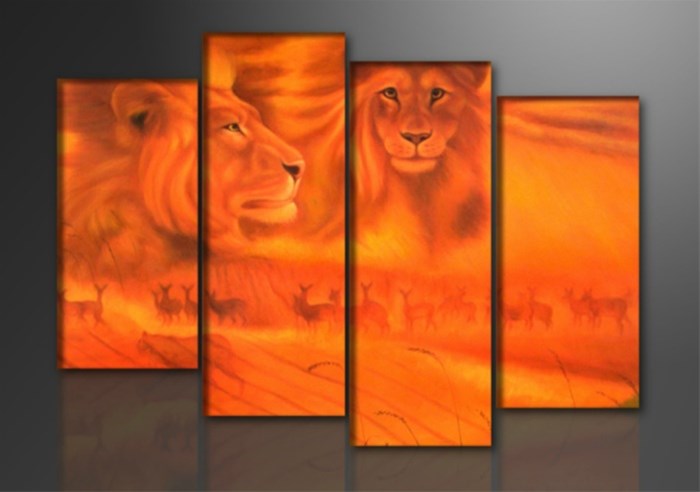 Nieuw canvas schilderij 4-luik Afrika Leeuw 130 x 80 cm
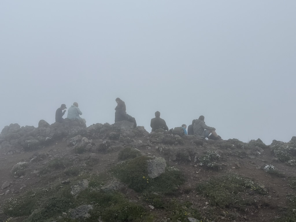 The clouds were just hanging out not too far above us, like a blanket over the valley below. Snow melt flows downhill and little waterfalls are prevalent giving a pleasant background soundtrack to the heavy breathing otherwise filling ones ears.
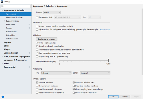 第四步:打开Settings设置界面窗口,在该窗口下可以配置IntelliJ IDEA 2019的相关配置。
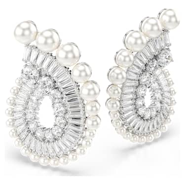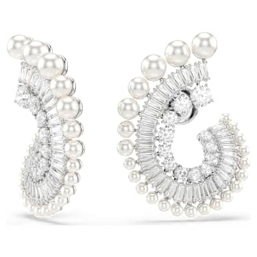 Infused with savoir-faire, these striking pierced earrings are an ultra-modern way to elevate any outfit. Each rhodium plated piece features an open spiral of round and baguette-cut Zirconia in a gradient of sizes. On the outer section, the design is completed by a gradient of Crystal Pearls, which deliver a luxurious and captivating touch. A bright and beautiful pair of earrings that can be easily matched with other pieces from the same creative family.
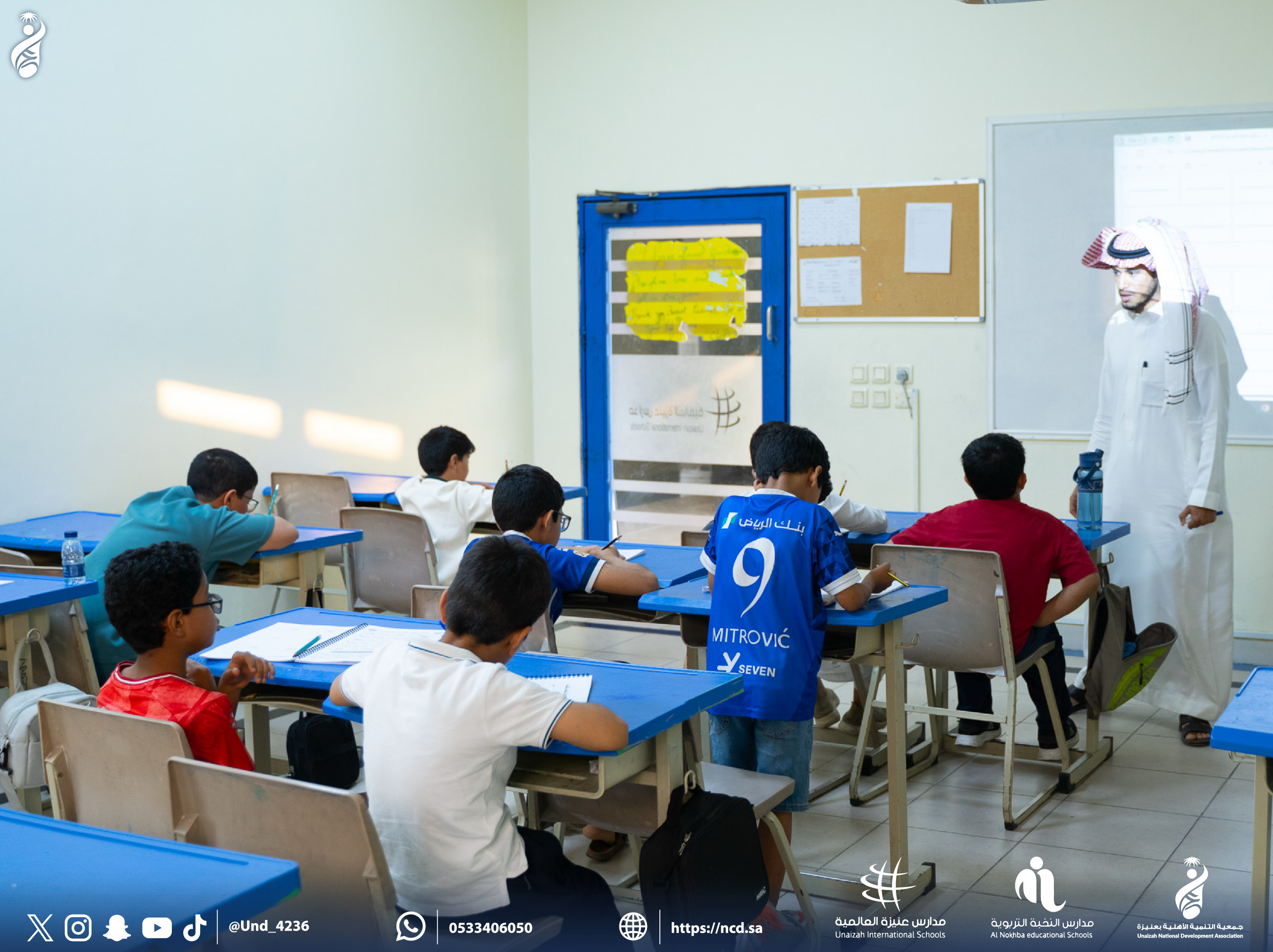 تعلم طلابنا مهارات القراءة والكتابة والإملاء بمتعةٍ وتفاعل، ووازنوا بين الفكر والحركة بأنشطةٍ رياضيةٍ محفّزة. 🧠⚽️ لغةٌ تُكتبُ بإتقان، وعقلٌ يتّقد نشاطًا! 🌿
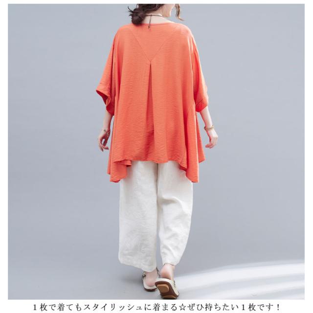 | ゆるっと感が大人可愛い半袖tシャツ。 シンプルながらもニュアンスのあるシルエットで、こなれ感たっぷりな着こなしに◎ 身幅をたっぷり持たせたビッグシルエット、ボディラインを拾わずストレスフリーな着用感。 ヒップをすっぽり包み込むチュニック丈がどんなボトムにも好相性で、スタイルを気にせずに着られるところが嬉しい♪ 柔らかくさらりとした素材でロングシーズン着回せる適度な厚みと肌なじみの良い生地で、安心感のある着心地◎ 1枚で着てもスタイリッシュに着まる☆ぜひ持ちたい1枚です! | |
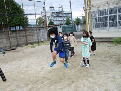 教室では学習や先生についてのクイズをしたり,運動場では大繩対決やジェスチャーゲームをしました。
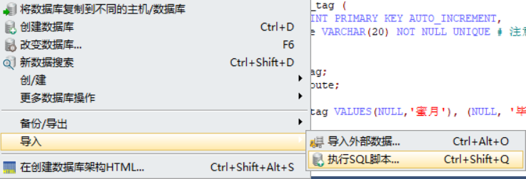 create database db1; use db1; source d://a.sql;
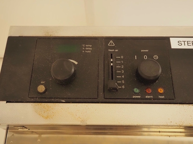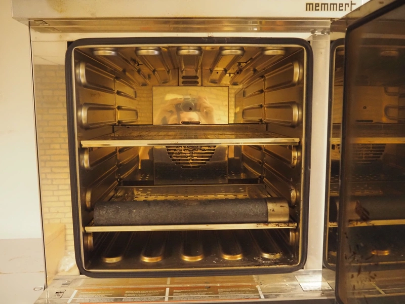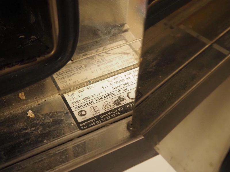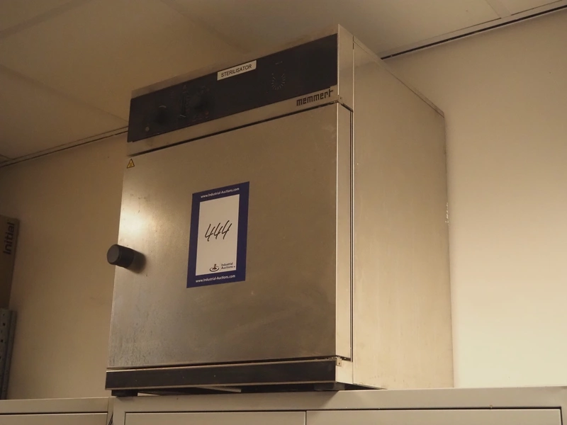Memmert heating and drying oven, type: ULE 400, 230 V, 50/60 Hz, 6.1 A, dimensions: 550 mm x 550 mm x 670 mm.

● ● ● ● ●

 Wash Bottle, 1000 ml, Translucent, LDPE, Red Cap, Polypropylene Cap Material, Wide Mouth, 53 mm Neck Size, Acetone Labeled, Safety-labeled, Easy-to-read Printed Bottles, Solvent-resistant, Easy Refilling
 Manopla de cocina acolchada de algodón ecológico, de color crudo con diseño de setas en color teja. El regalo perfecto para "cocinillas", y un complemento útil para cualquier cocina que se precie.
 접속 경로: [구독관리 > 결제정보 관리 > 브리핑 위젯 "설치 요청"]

● ● ● ● ●

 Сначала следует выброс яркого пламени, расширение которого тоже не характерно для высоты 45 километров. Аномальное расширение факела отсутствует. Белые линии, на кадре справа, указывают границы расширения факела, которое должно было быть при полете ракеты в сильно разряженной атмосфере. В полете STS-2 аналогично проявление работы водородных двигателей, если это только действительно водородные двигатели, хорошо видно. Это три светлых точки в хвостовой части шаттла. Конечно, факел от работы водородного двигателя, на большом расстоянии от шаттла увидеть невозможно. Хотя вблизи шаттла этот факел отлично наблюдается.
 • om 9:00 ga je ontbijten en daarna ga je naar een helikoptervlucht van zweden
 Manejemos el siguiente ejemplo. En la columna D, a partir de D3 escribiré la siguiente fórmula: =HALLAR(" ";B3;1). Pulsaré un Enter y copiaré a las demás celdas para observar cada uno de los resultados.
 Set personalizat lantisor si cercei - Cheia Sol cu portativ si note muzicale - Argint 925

● ● ● ● ●

*YOUR INSTRUCTIONS:* What is needed is an exact copy of the lines above, from the one holding "教室では学習や先生についての" down to the one holding "Memmert heating and", with those two included and the pictures left out.

*RESPONSE BOX:*
 教室では学習や先生についてのクイズをしたり,運動場では大繩対決やジェスチャーゲームをしました。
 create database db1; use db1; source d://a.sql;
Memmert heating and drying oven, type: ULE 400, 230 V, 50/60 Hz, 6.1 A, dimensions: 550 mm x 550 mm x 670 mm.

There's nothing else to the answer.